It is important that all of the above characteristics be considered when selecting a particular style and tolerance for each application.
TYPES OF MOUNTING AND PHYSICAL SIZES.
RESISTOR SIZES
Resistors are available in almost any size ranging from 0.065 inches in diameter by .125 inches long to 12 inches in Diameter to several feet high (for very high voltage resistors). They come in almost any shape that is imaginable. The most common form is cylindrical with leads coming out either end. They can be manufactured in custom shapes to fit the available space when quantities justify.
TYPE OF MOUNTING.
Resistors can be made with almost any type of mounting. If the need arises, special mountings can be designed to fit the customer’s needs. Some of the more common means of mountings are listed below. The term “Leads” is used in the general sense as a means of connecting the resistor. They may be lugs, wire leads, pins, or any means of connecting the resistor to the circuit.
Surface Mount
Resistors are available in a surface mounting configuration. This is generally associated with chip resistors that are mounted by solder reflow techniques. This consists of a resistive element of a flat ceramic substrate (or a cylindrical ceramic core) with a solder pad on each end. Sizes range from .163 inches in diameter to .555 inches long cylindrical to a .020 high by .031 wide by .062 long chip.
Fuse Clip Mounting.
The fuse clip type is made such that it will mount directly into a fuse clip. Fuse resistors are sometimes made like this.
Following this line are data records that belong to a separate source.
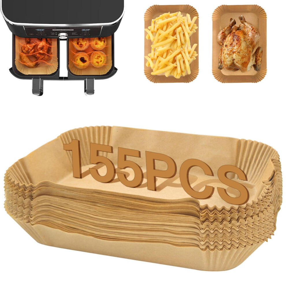 FEEZOM 155PC Ninja Air Fryer Liners Disposable, Air Fryer Paper Liners for Ninja Air Fryer Dual, Airfryer Food Grade Accessories for AF300UK AF400UK,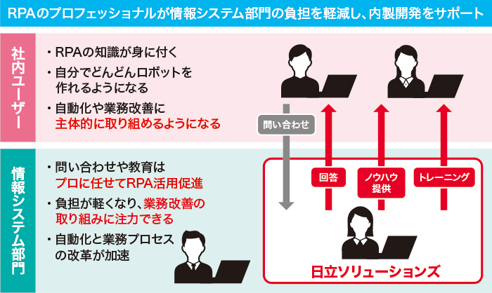 また、業務ユーザーからの問い合わせ対応を日立ソリューションズが引き受けたことにより、情報システム部門に負荷をかけることなくユーザー自身が主体的に問題解決に取り組むようになったことも大きな変化です。情報システム部門は問い合わせ対応が減少しただけでなく、業務ユーザー自身にもRPA化のナレッジが蓄積されていき、結果として内製化が加速。業務改善のアイデアが成果につながる喜びは、本人のモチベーションにもなっています。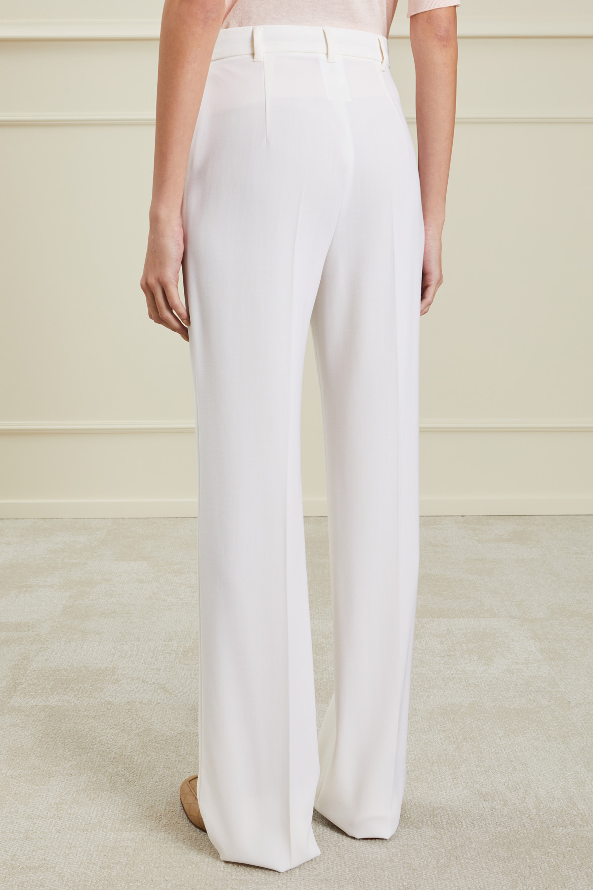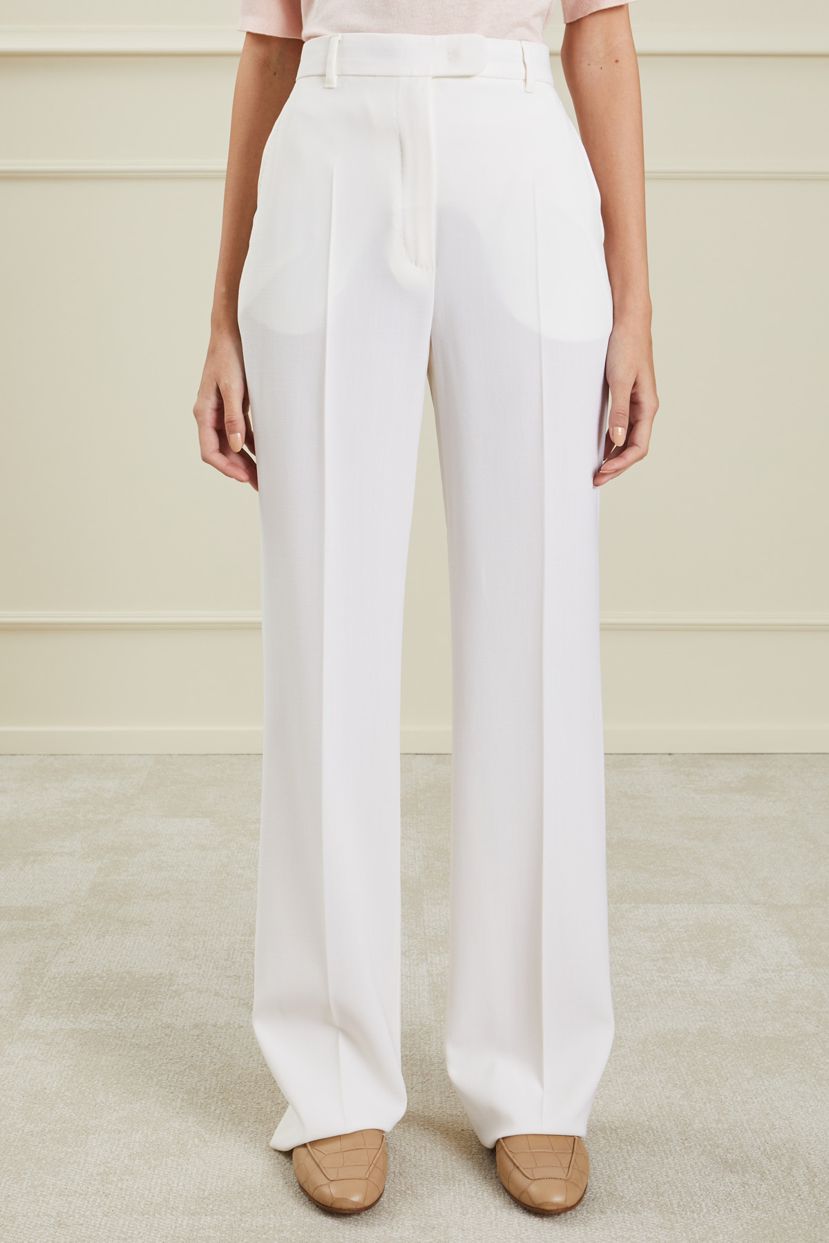 Pantaloni a palazzo realizzati in saia di pura lana, con passanti in vita, tasche alla francese sul davanti, profili rifiniti a puntino e allacciatura nascosta tramite zip, bottone e gancio.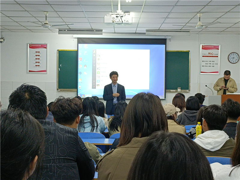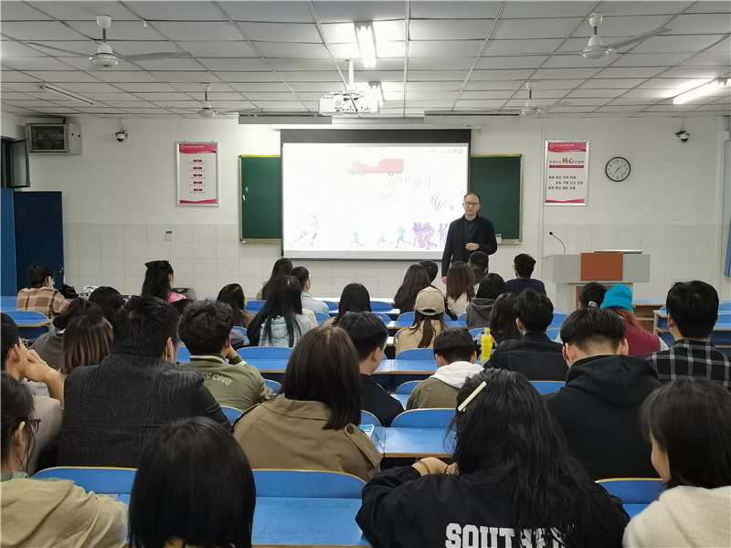 会前,就业专干刘阳老师组织同学们入座并与同学们积极沟通,希望切实了解同学们就业需求以便做好下一步的企业招聘的对接工作,更好的服务毕业生的就业需求。在热烈的掌声之后,曹院长向大家介绍两家企业的招聘负责人,此次来院宣讲的两位企业负责人都是从我校毕业的学长,两位学长在自己的岗位上勤劳奋斗、闪闪发光,如今回到学校助力学弟学妹们早日找到心怡工作。首先最后五公里:谋业者的负责人常百保学长向我们介绍了他的公司—杭州最后五公里科技有限公司,秉持着天下事无难易,不为则难,为之则易的人生格言坚持带领企业走中高端业务+优质服务路线,因地制宜制定司机定人定区服务,在杭州末端配送占有自己的一番天地。云众物流高管黄冠翔学长说文解字向我们介绍了何为云众—云技术是指在广域网或局域网内将硬件、软件、网络等系列资源统一起来,实现数据的计算、储存、处理和共享的一种托管技术;众字,初文始见于商代甲骨文,其古字形像多人在烈日下劳动,本义是许多人,引申为许多,坚持做一家有温度的物流企业,独特的运营方式,吸引在座毕业生,同时黄冠翔学长向大家发出邀请函,希望大家来实地参观并加入他们成为并肩作战的战友。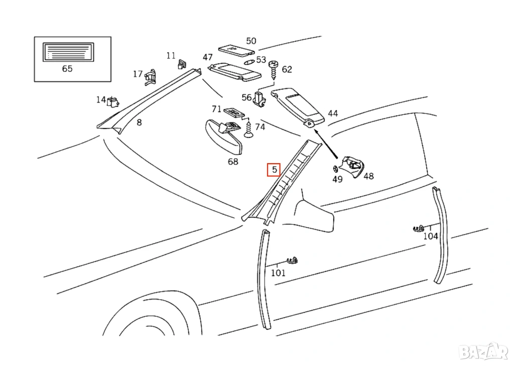 Облицовка на А-колона за Mercedes R129 SL – лява / дясна страна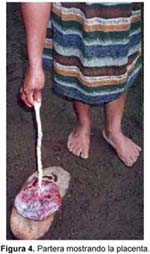 La placenta tiene que ser enterrada bajo la cama de la madre, a una profundidad de aproximadamente 60 cm, lo que brinda una tranquilidad emocional a la madre, al cumplir con el ritual que evitará enfermedades, peligros de brujería y actitudes futuras de desarraigo y desamor de sus hijos, creando un vínculo con la comunidad, y, cuando el niño(a) sea grande, se casará con una mujer o varón de su comunidad y no se alejara, manteniendo la unidad familiar (Figura 5)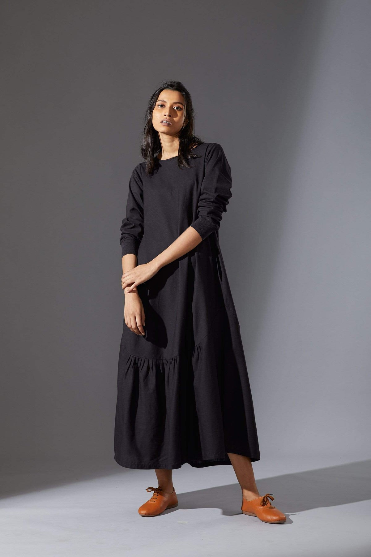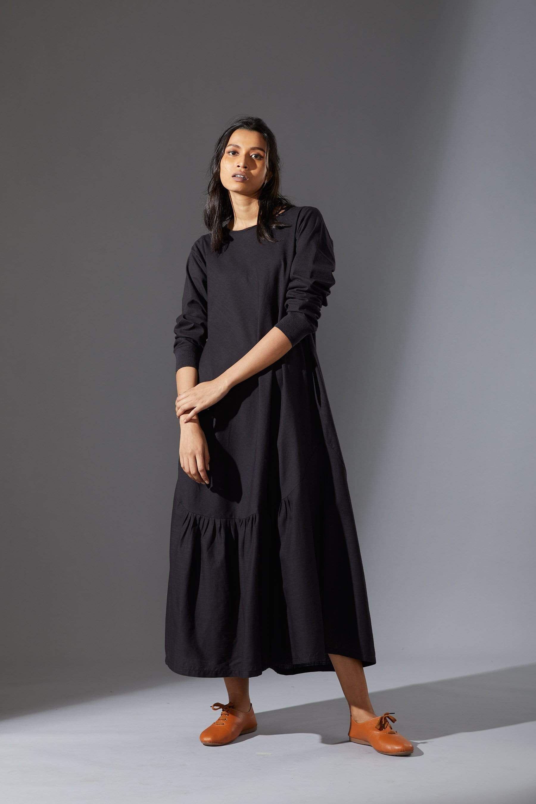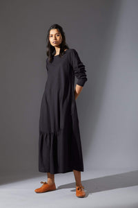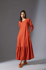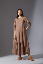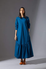 A beautiful shift dress made with handwoven cotton slub. Cut in bias this dress falls perfectly on the body, further you can style it with a tan brown belt, scarf or a nice long neckpiece.

Single Inline Packaging (SIP)
The Single Inline Package is normally associated with resistor networks consisting of several resistors in the same package. It is a rectangular flat-shaped package with several leads coming out of one surface generally a narrow, long surface.
Dual Inline Package (DIP)
The Dual Inline Package is again normally associated with resistor networks. The main difference is that leads extend out both narrow, long surfaces and are formed to either flush mount on a PC Board or through-hole mount on a PC board.
Flat Packs
The Flat Pack is roughly the same as Dual Inline Packaging except the leads come straight out and are not formed for surface mounting or thru-hole mounting. This is just a variation of DIP mounting.
Axial Leads – Axial Lead mounting is what most of us are familiar with using. It consists of a cylindrical (or rectangular or any shape body) with the leads extending out either end parallel to the resistor’s major axis.
Radial Leads
Radial Lead mounting is similar to Axial Lead mounting except the lead comes out of the body perpendicular to its major axis.
PC Mounting
PC mounting consists of both leads of the resistor coming out the same surface so that it is easier to mount a resistor (or any other device) vertically. The resistor may be rectangular or cylindrical.
4 Terminal Mounting
Most styles will offer a 4 terminal means of mounting for low values. This is important when the leads become a significant part of the value. This establishes the point on the leads where the value in within the desired tolerance. It is fixed and prevents changes in the value due to mounting variations.
RESISTOR TYPES
PRECISION WIREWOUND
The Precision Wirewound is a highly accurate resistor with a very low TCR and can be accurate within .005%. A temperature coefficient of resistance (TCR) of as little as 3 parts per million per degree Celsius (3ppm/oC) can be achieved. However, these components are too expensive for general use and are normally used in highly accurate DC applications. The frequency response of this type is not good. When used in an rf application all Precision Wirewound Resistors will have a low Q resonant frequency. The power handling capability is very small. These are generally used in highly accurate DC measuring equipment, and reference resistors for voltage regulators and decoding networks.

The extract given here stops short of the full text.